### Directions for this task:
Output, word for word, the line that contains "Nhớt động cơ S" and all lines following it to the end of the listing. Drop the pictures.

### Excerpted records:
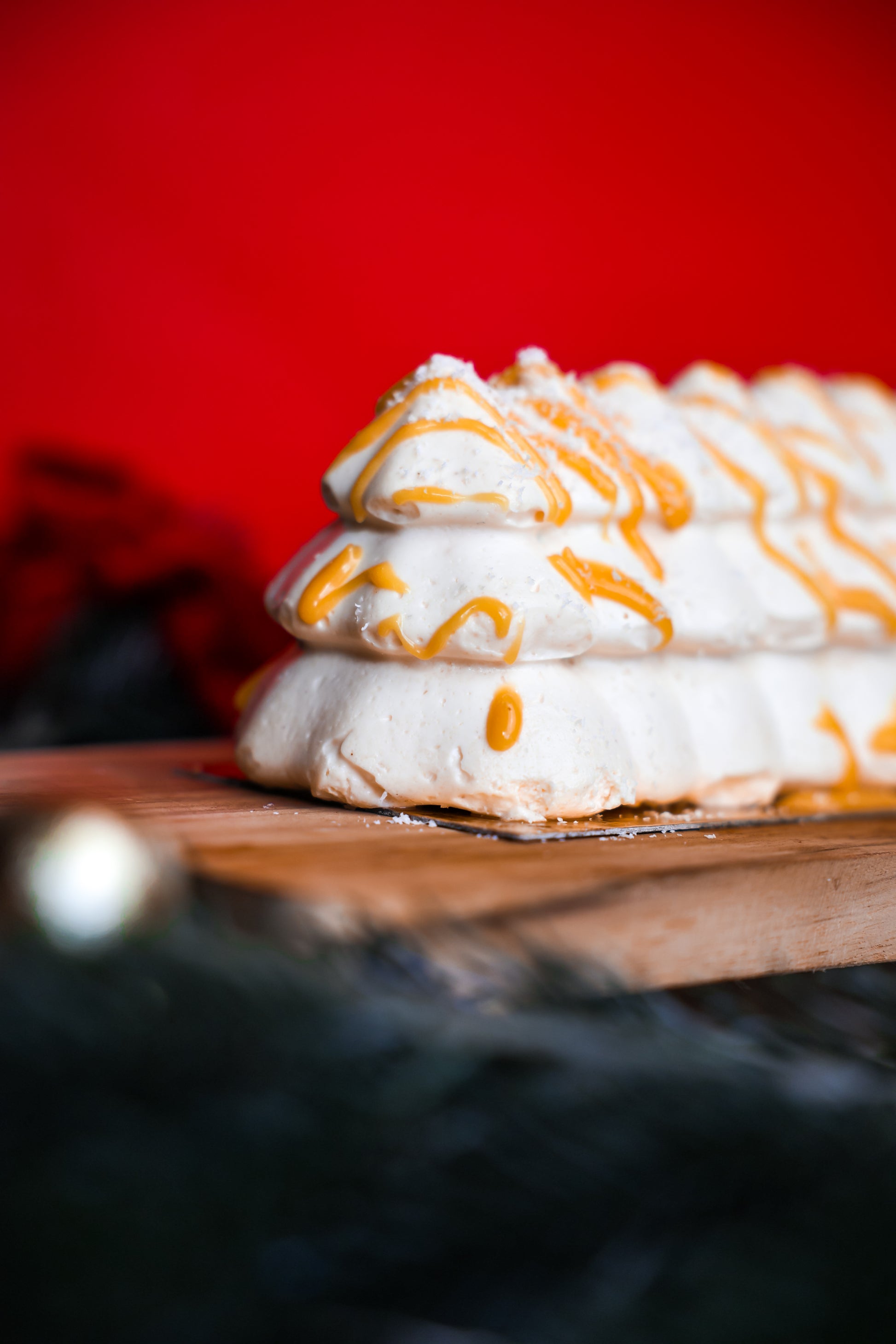 Mousse tiramisu légère à la noix de coco Rapée,d’un confit mangue passion avec une brunoise de mangue, et d’un crémeux mangue.
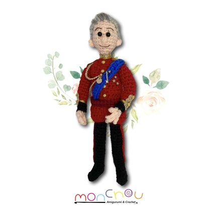 This tribute to King Charles III is made with worsted weight yarns with wired limbs. This pattern is 12 pages long and includes more than 30 colour photos to help you along the way.
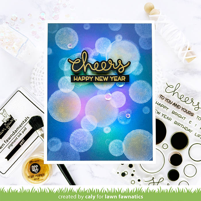 I was inspired by the lights in these photos and wanted to do the bokeh effect – something I haven’t done in a long time! Lawn Fawn’s Let’s Bokeh stamp set is the perfect set for this technique!
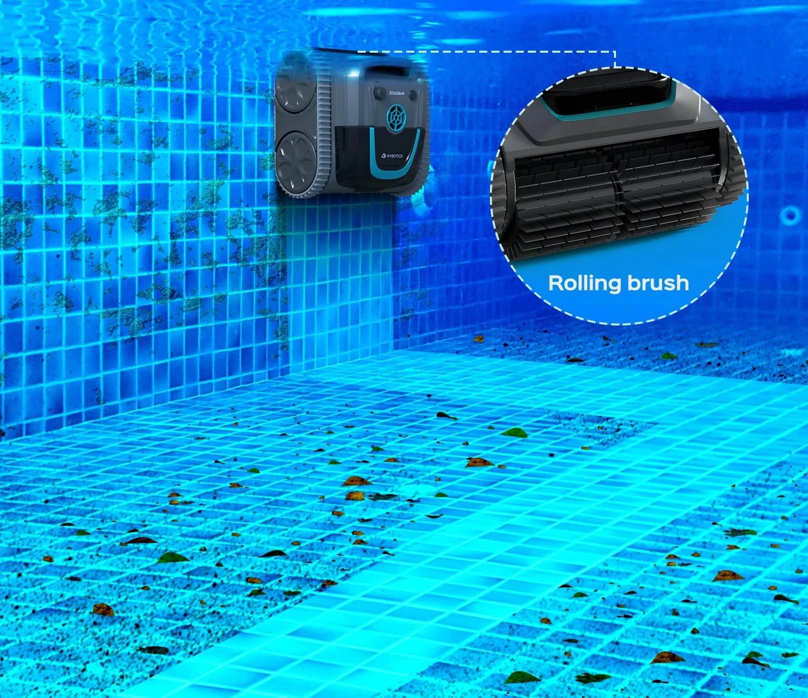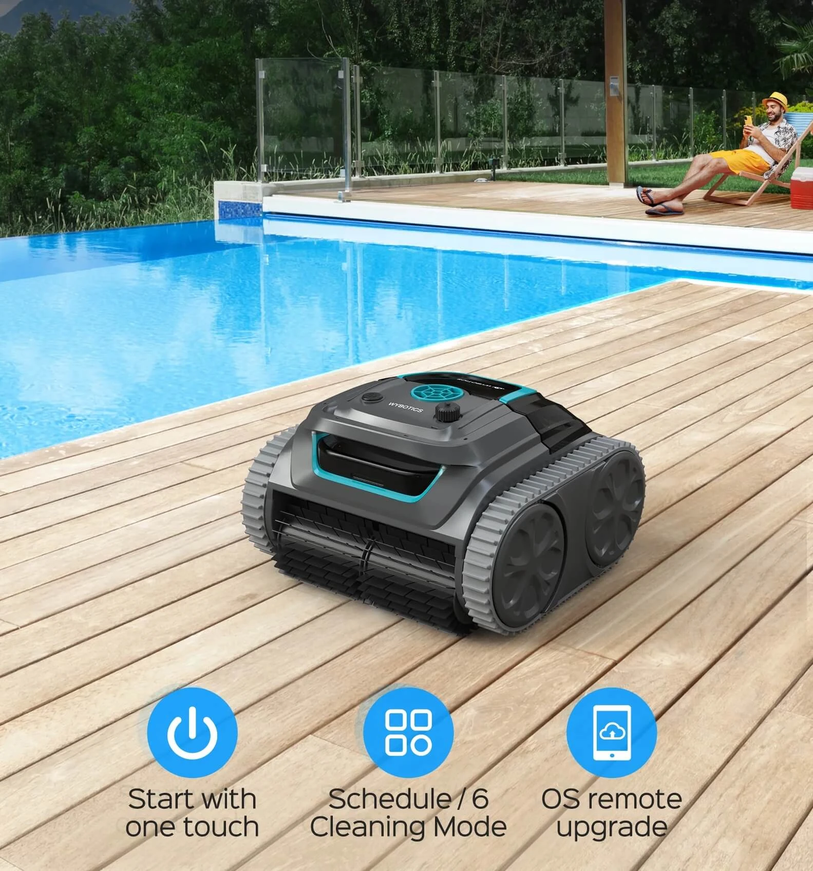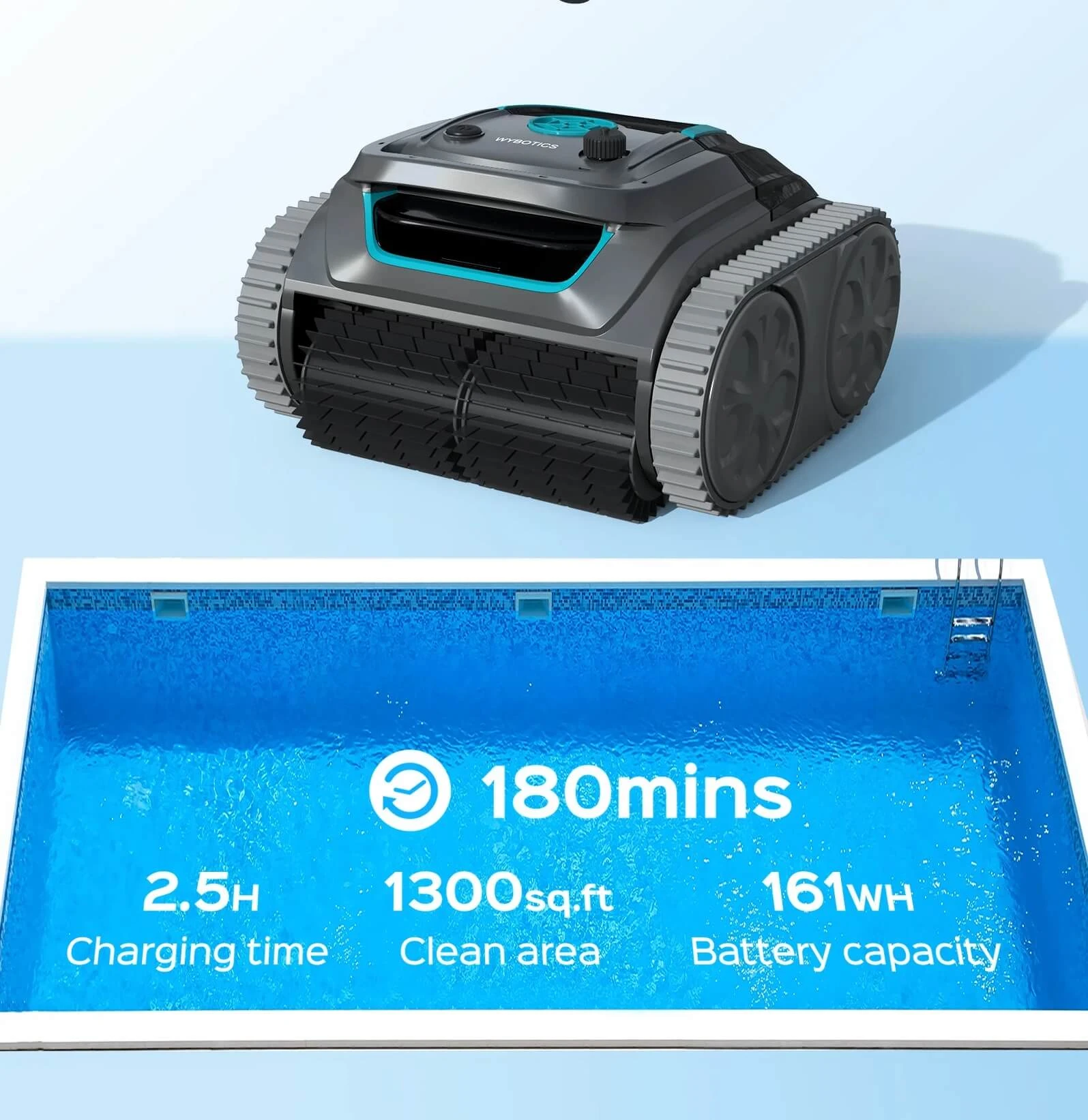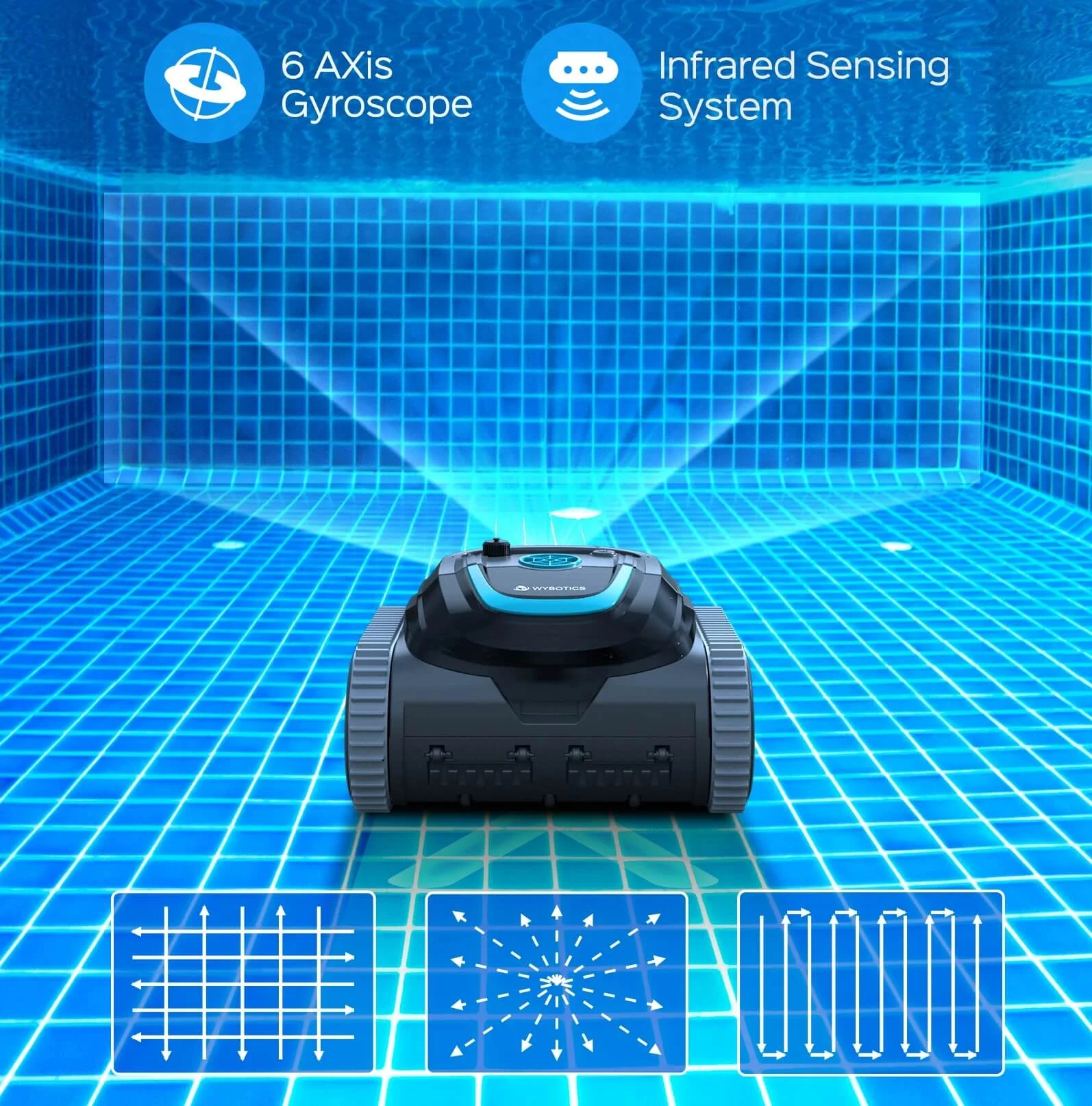 Bezprzewodowy robot basenowy z aplikacją: WYBOT jest pierwszą marką, która opracowała bezprzewodowego robota basenowego z aplikacją, oferującą różne tryby i ścieżki czyszczenia. Do basenów o powierzchni do 120 m² o dowolnym kształcie i z dowolnym pokryciem (folia, beton, laminat). Czyści dno, ściany i linię wodną. Pokonuje przeszkody do 3,5cm wysokości.
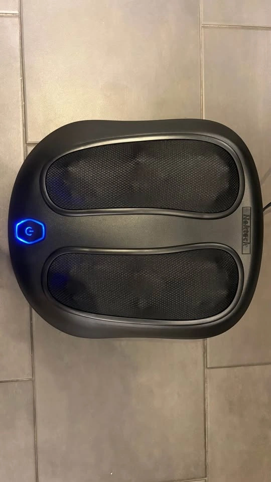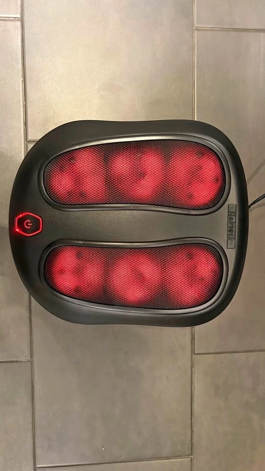 Great Nekteck shiatsu foot massager. Has heat function and deep kneading nodes. Power button with blue light. Model NK-FM-100-BLK.
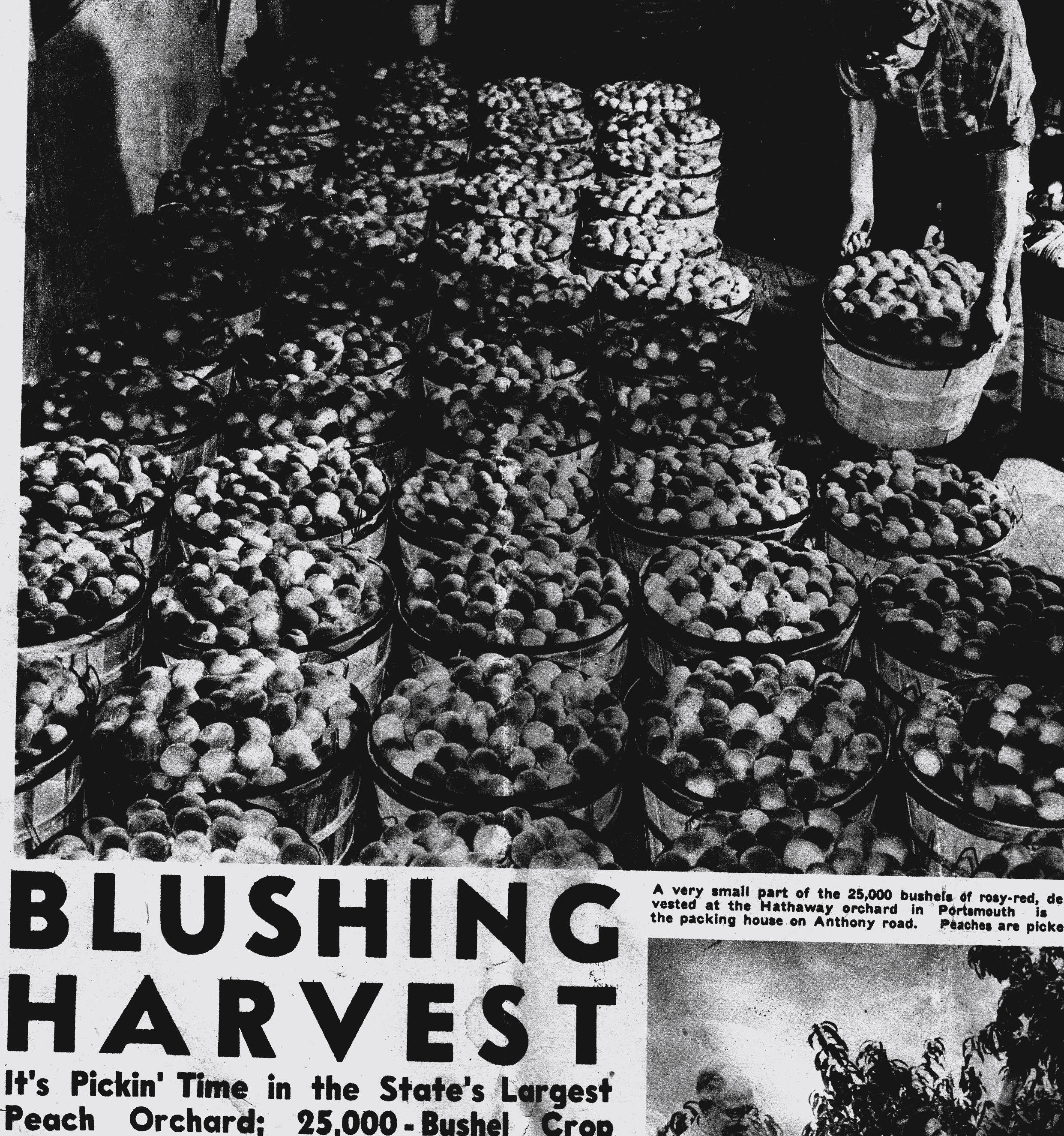 In 1944 Hathaway had the largest peach orchard in the state and produced 2500 bushels. The peach tree rows were over a mile long. The picking season lasted six weeks. Fifty workers were needed and boys and girls earned two or three dollars a day for their work.
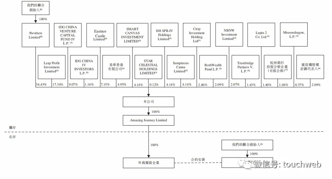 IPO前,宋中杰、李金龙、朱敏、段剑波及李跃军5位联合创始人通过5brothers Limited持有公司34.43%,为大股东;
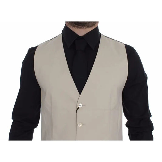 Dolce & Gabbana Beige Cotton Stretch Dress Vest Blazer
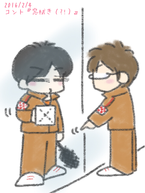 罰ゲームで「窓拭き」をすることになった、よしむぅちゃん。
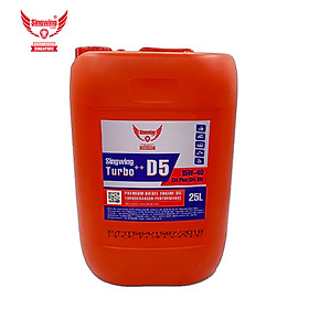 Nhớt động cơ Singwing D5 Turbo++ 15W40 25L là loại dầu nhớt động cơ diesel đa cấp chất lượng siêu hạng (SHPD) dùng bôi trơn động cơ diesel, động cơ xăng có turbo tăng áp thường xuyên hoạt động trong điều kiện vận hành khắc nghiệt.
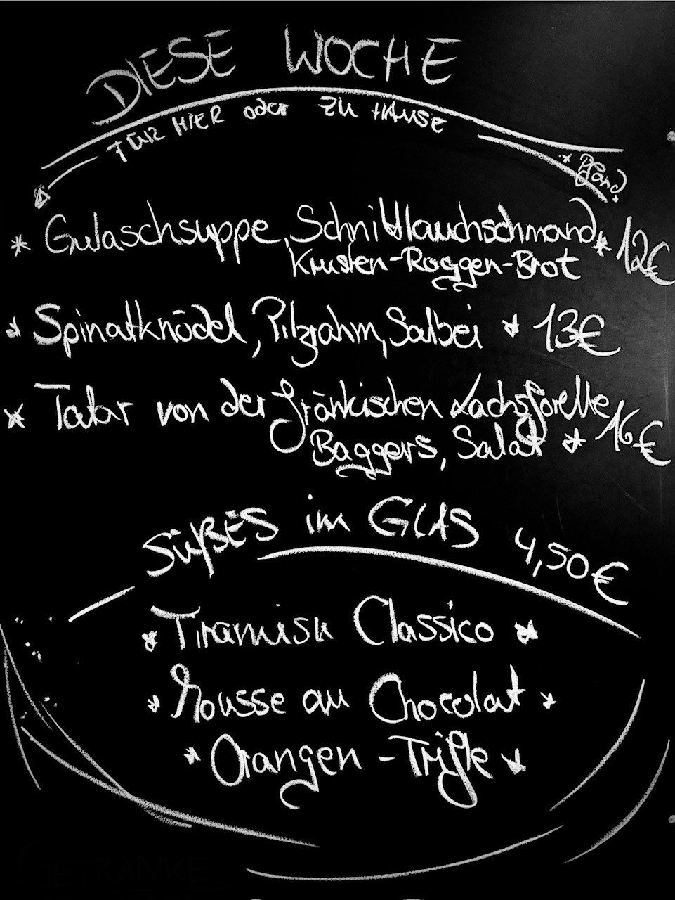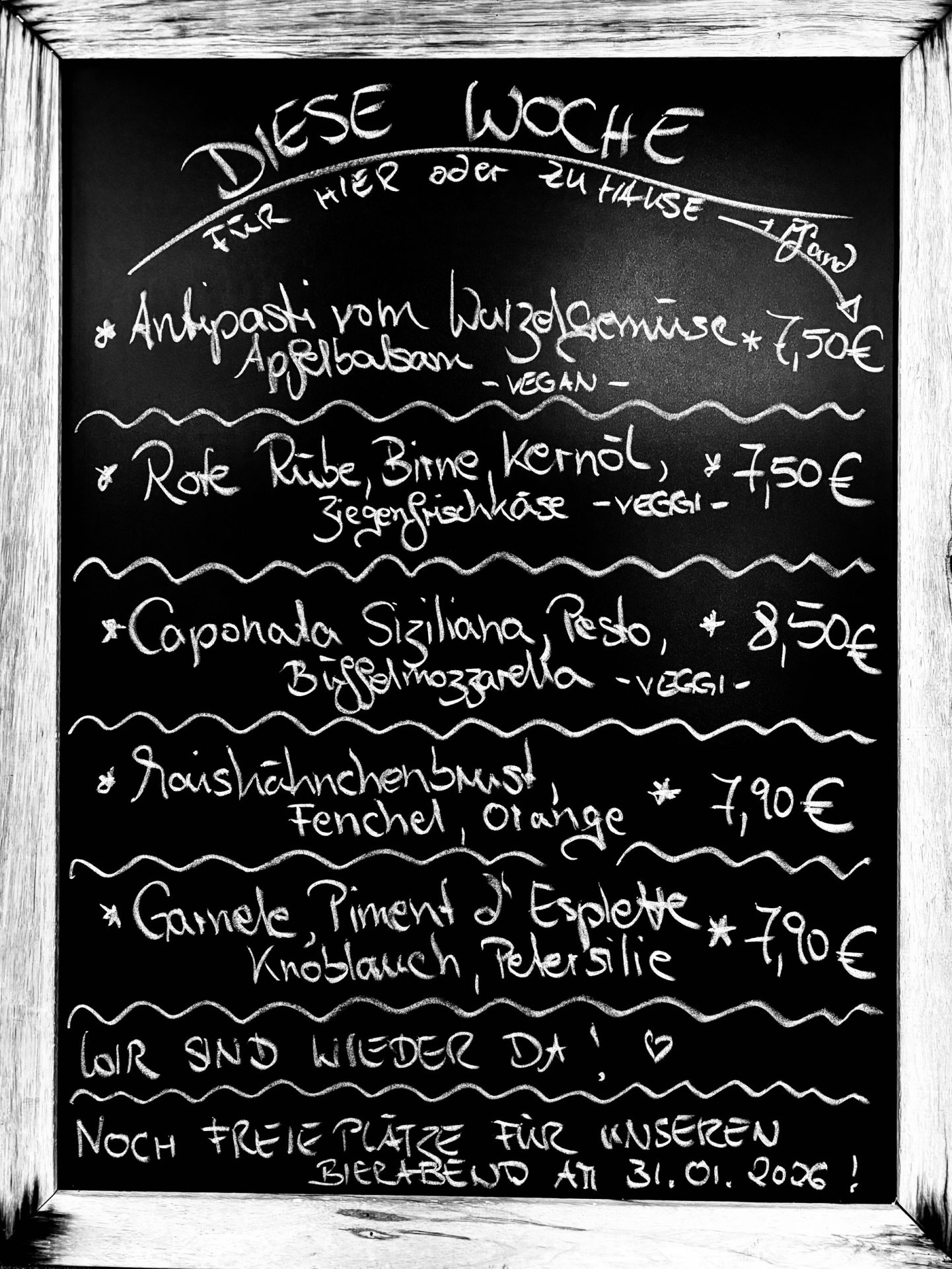 Diese Woche zum Essen bei uns oder zum Mitnehmen (zzgl. Pfand) aus Küche, Theke und Vitrine:

### Result of this exercise:
 Nhớt động cơ Singwing D5 Turbo++ 15W40 25L là loại dầu nhớt động cơ diesel đa cấp chất lượng siêu hạng (SHPD) dùng bôi trơn động cơ diesel, động cơ xăng có turbo tăng áp thường xuyên hoạt động trong điều kiện vận hành khắc nghiệt.
 Diese Woche zum Essen bei uns oder zum Mitnehmen (zzgl. Pfand) aus Küche, Theke und Vitrine:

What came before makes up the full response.